_Work required:_
Taking the line with "五(上)语文专项必考经典训练100题,学霸掌握这些就够了" as the first and the last line of the listing as the final one, please copy exactly those lines and no others, without pictures.

____

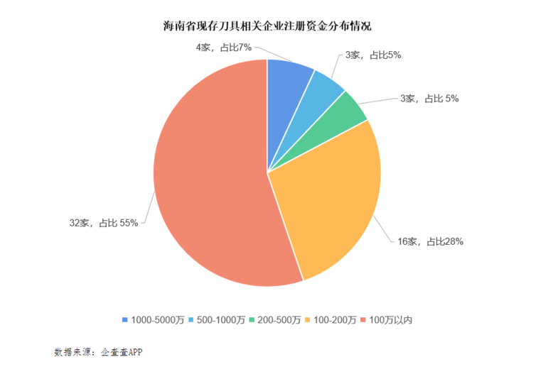 从注册资金分布情况来看,海南现存刀具相关企业注册资金在100万元以内的最多,有32家,占比55%;其次是注册资金在100万元-200万元之间的企业,有16家,占比28%。
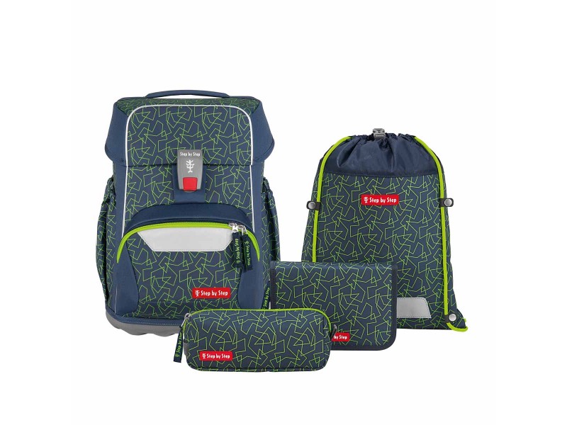 Den Step by Step Basis gibt es als 4-teiliges Set, bestehend aus Schulranzen, Federmäppchen (unbestückt), Schlamperetui, Turnbeutel
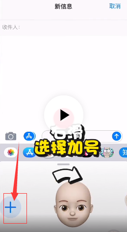 2、创建一个新的信息,点击下面的小后再图标
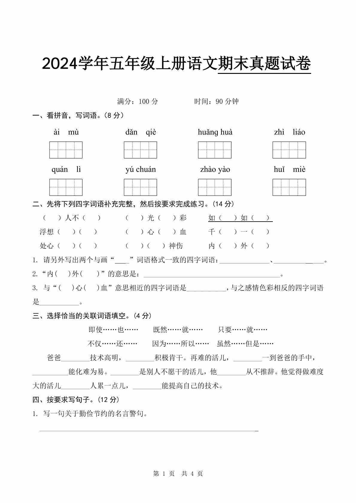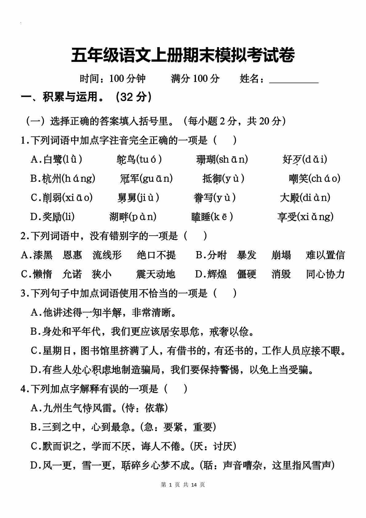 五(上)语文专项必考经典训练100题,学霸掌握这些就够了
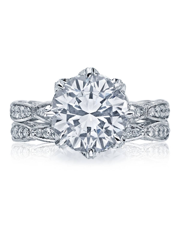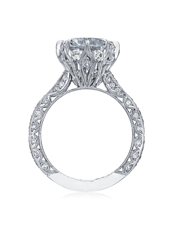 A twisting band creates marquise on the ceiling, which are filled with round-brilliant diamonds. The diamond-studded Classic Crescent fabric accents the innerface. The solitaire is lightly framed by the prongs of an intricate Cathedral foundation.
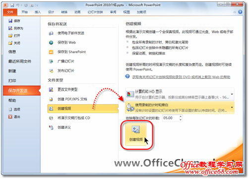 另外,在后台视图的“保存并发送”视图中,执行创建视频的相关命令,同样可以轻松地将当前演示文稿轻松转换成视频文件,并且可自由选择视频文件中是否包含录制的计时和旁白等信息。
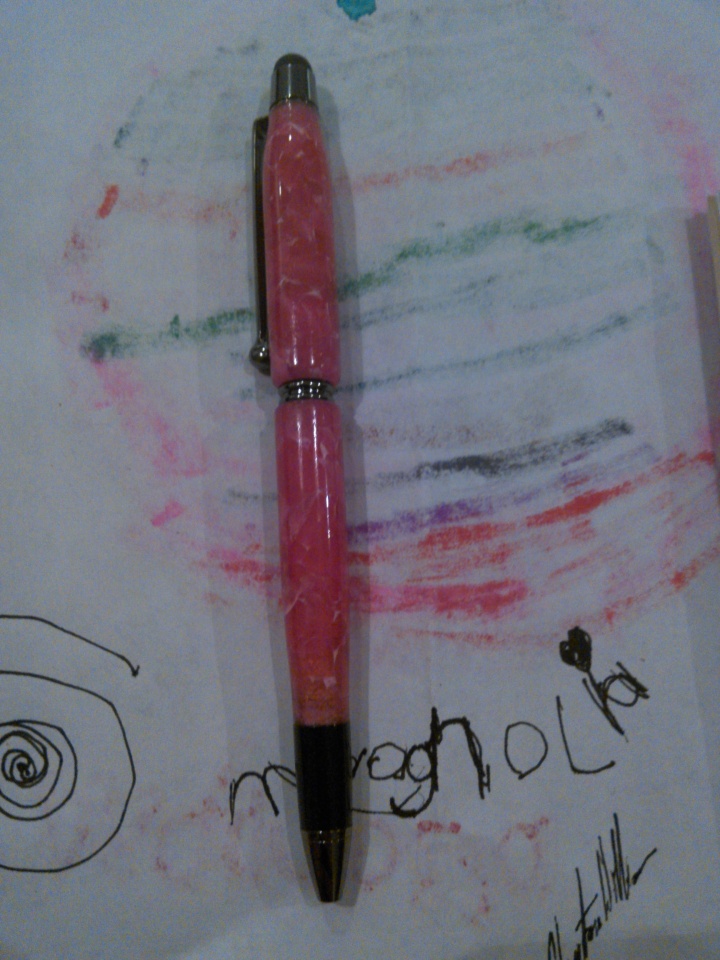 This was my first attempt at acrlyc today. Not reall happy with the results. I shoulda painted the tube i think, and probably picked a different thicker kit. Well looks like my little girl got her own stylus pen
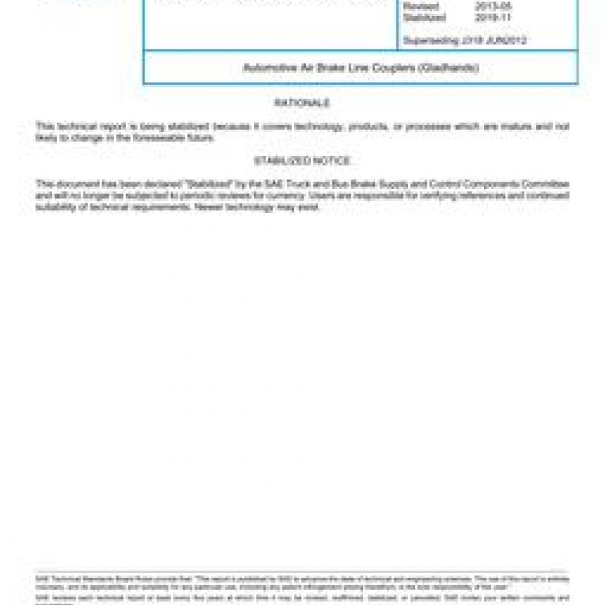 SAE J318_201911 Automotive Air Brake Line Couplers (Gladhands) (Stabilized: Nov 2019)
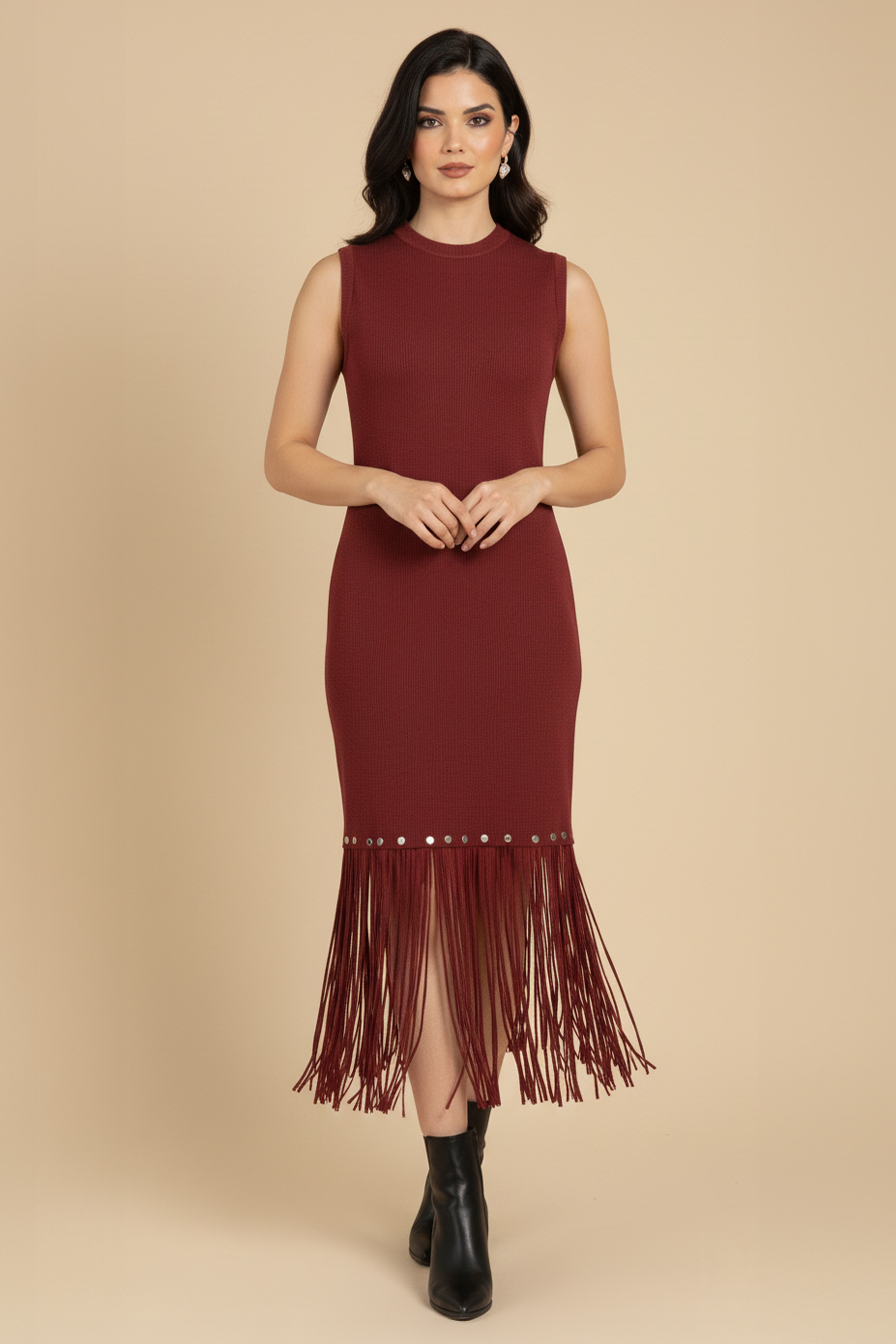 فستان شتوي مزين بهدب بأكمام كت لون كستنائي
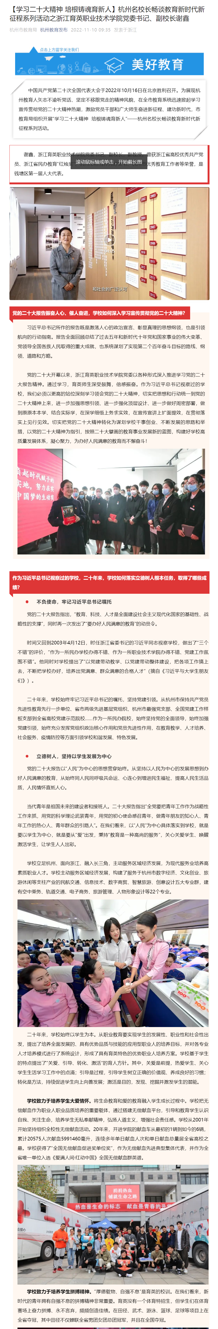 【杭州教育发布】杭州名校长畅谈教育新时代新征程系列活动之浙江育英职业技术学院党委书记、副校长谢鑫
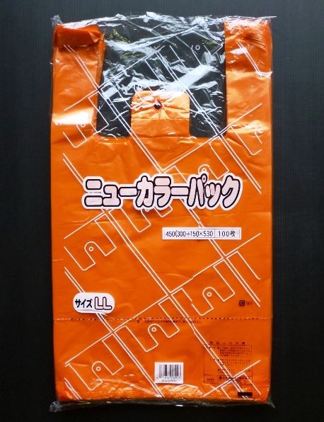 カラーレジ袋 オレンジ 無地 LL 530×300×150mm 100枚
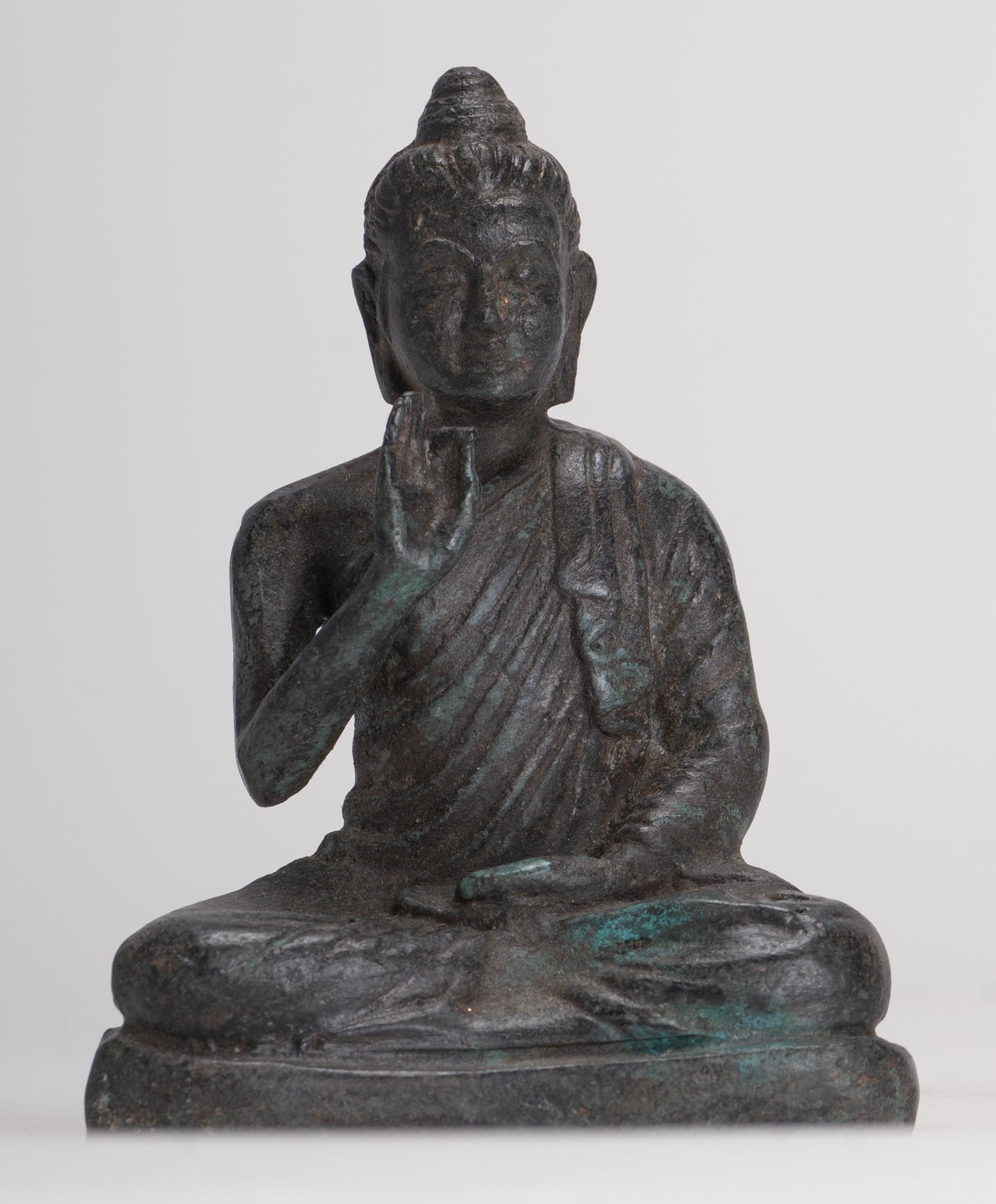 Ein antiker Gandhara -Stil Buddha im Lotus- oder Padmasana -Beitrag mit Buddha, mit Jeder Fuß auf den gegenüberliegenden Oberschenkel platziert und Hände im Doppel angehoben Dharmachakra oder unterrichtet Mudra. Seine Roben kaskaden fließend aus beiden Schultern.In Sanskrit bedeutet Dharmachakra das "Rad von Dharma". Dieses Mudra symbolisiert einen der wichtigsten Momente im Leben Buddha, die Gelegenheit, als er seinen Gefährten die erste Predigt nach seiner Aufklärung im Hirschpark in Sarnath predigte. Es bezeichnet daher die Einstellung des Rades der Lehre des Dharma in Bewegung. In diesem Mudra berühren der Daumen und der Zeigefinger an ihren Spitzen, um einen Kreis zu bilden. Dieser Kreis repräsentiert das Rad von Dharma oder in metaphysischen Begriffen die Vereinigung von Methode und Weisheit. Dies symbolisiert Großzügigkeit.
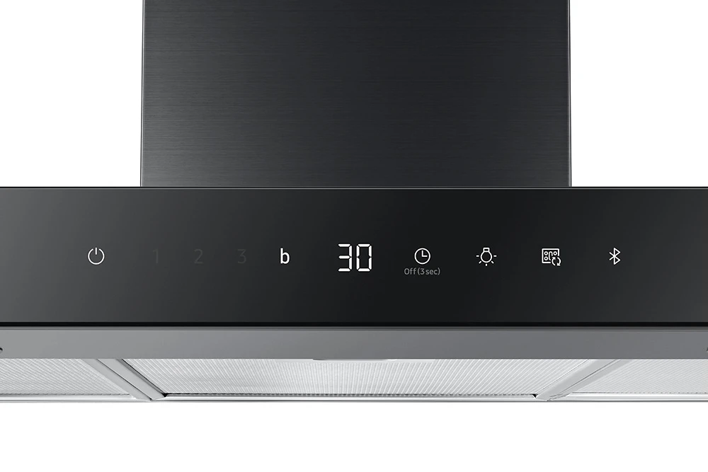 Pokud si pořídíte kompatibilní varnou desku Samsung, můžete získat přístup k unikátní funkci. Oba spotřebiče se umějí propojit přes Bluetooth, takže se dá digestoř ovládat přímo přes ovladače na desce. (Tato funkce je dostupná pouze v kombinaci s vybranými varnými deskami Samsung.)
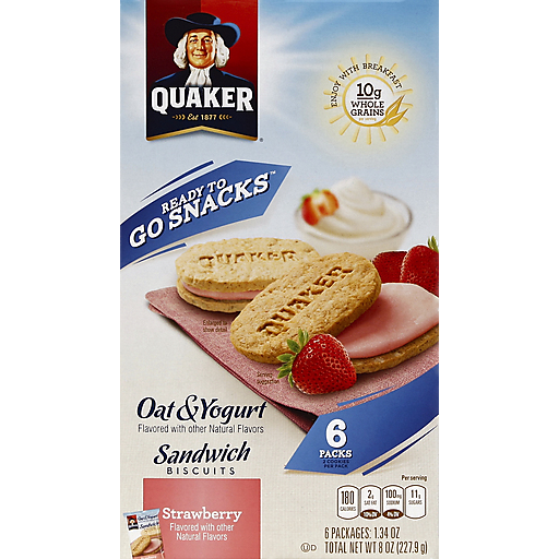 - The manufacturer of Quaker, Sandwich Biscuits, Strawberry, Oat & Yogurt, Strawberry, Oat & Yogurt is Quaker.
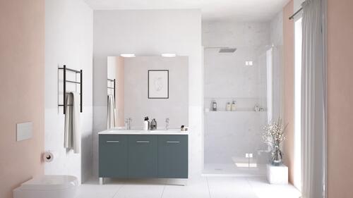 - Plan céramique blanc avec vasque moulée.
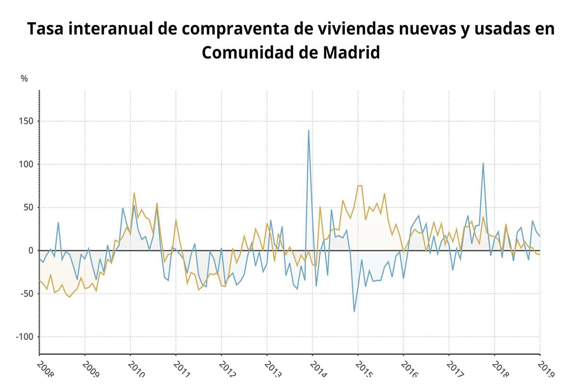 La compraventa de viviendas bajó un 0,3 por ciento el pasado mes de enero en la Comunidad de Madrid en relación al mismo mes de 2018, hasta sumar 6.593 operaciones, según ha informado este jueves el Instituto Nacional de Estadística (INE).

____

_Solution to the problem:_
 五(上)语文专项必考经典训练100题,学霸掌握这些就够了
 A twisting band creates marquise on the ceiling, which are filled with round-brilliant diamonds. The diamond-studded Classic Crescent fabric accents the innerface. The solitaire is lightly framed by the prongs of an intricate Cathedral foundation.
 另外,在后台视图的“保存并发送”视图中,执行创建视频的相关命令,同样可以轻松地将当前演示文稿轻松转换成视频文件,并且可自由选择视频文件中是否包含录制的计时和旁白等信息。
 This was my first attempt at acrlyc today. Not reall happy with the results. I shoulda painted the tube i think, and probably picked a different thicker kit. Well looks like my little girl got her own stylus pen
 SAE J318_201911 Automotive Air Brake Line Couplers (Gladhands) (Stabilized: Nov 2019)
 فستان شتوي مزين بهدب بأكمام كت لون كستنائي
 【杭州教育发布】杭州名校长畅谈教育新时代新征程系列活动之浙江育英职业技术学院党委书记、副校长谢鑫
 カラーレジ袋 オレンジ 無地 LL 530×300×150mm 100枚
 Ein antiker Gandhara -Stil Buddha im Lotus- oder Padmasana -Beitrag mit Buddha, mit Jeder Fuß auf den gegenüberliegenden Oberschenkel platziert und Hände im Doppel angehoben Dharmachakra oder unterrichtet Mudra. Seine Roben kaskaden fließend aus beiden Schultern.In Sanskrit bedeutet Dharmachakra das "Rad von Dharma". Dieses Mudra symbolisiert einen der wichtigsten Momente im Leben Buddha, die Gelegenheit, als er seinen Gefährten die erste Predigt nach seiner Aufklärung im Hirschpark in Sarnath predigte. Es bezeichnet daher die Einstellung des Rades der Lehre des Dharma in Bewegung. In diesem Mudra berühren der Daumen und der Zeigefinger an ihren Spitzen, um einen Kreis zu bilden. Dieser Kreis repräsentiert das Rad von Dharma oder in metaphysischen Begriffen die Vereinigung von Methode und Weisheit. Dies symbolisiert Großzügigkeit.
 Pokud si pořídíte kompatibilní varnou desku Samsung, můžete získat přístup k unikátní funkci. Oba spotřebiče se umějí propojit přes Bluetooth, takže se dá digestoř ovládat přímo přes ovladače na desce. (Tato funkce je dostupná pouze v kombinaci s vybranými varnými deskami Samsung.)
 - The manufacturer of Quaker, Sandwich Biscuits, Strawberry, Oat & Yogurt, Strawberry, Oat & Yogurt is Quaker.
 - Plan céramique blanc avec vasque moulée.
 La compraventa de viviendas bajó un 0,3 por ciento el pasado mes de enero en la Comunidad de Madrid en relación al mismo mes de 2018, hasta sumar 6.593 operaciones, según ha informado este jueves el Instituto Nacional de Estadística (INE).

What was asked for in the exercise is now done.